Nonlinear Causality in Time Series Networks: With Application to Motor Imagery vs Execution
Sipan Aslan, Hernando Ombao
公開日: 2024/9/16
Abstract
Causal interactions in time series networks can be dynamic and nonlinear, making it difficult to identify them using conventional linear causality estimations. We propose a novel approach, called Threshold Autoregressive Modeling for Causality (TAR4C), a causality detection approach built on threshold autoregressive (TAR) models, where a potential driver (cause variable) acts both as a predictor and as a trigger (switching threshold) that governs which autoregressive process the target (effect variable) follows. Threshold nonlinearity is conceptualized here to determine causality.
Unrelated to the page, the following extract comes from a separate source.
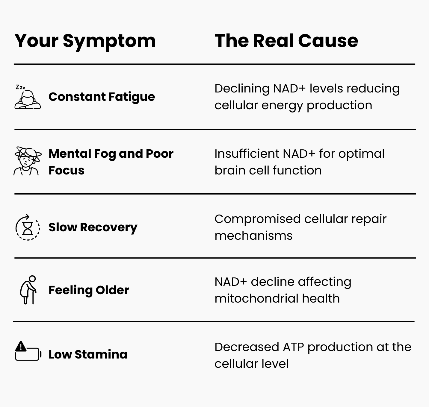 A: Those foundations are essential — but many people still notice declining energy, slower recovery, and brain fog despite doing the basics well. NAD+ naturally decreases with age and stress, so supporting cellular energy production can complement healthy lifestyle habits rather than replace them.
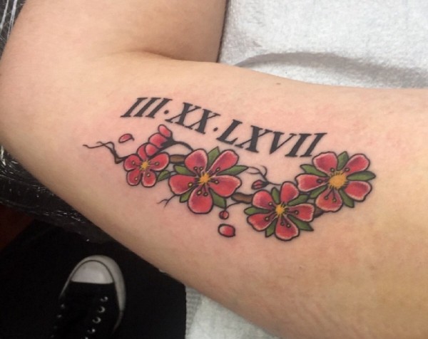 纹身手臂女生 女生手臂上罗马数字和花朵纹身图片

The flow of the target is forced to transition between regimes with distinct dynamics when the driver exceeds a data-driven threshold in the past. We propose a two-stage inference procedure: Stage 1 tests for threshold connectivity (TC); Stage 2, conditional on a detected threshold effect, estimates threshold Granger causality (TGC). TAR4C is applied to a multichannel EEG dataset collected from a motor imagery and execution experiment. Delay-dependent directional interactions are observed among channels across different sites of the EEG map. The real-world application demonstrates the usefulness of the proposed approach for determining nonlinear causal connectivity in complex time-series networks, such as brain circuitry. The proposed model-based methodology extends to other complex networks of time series.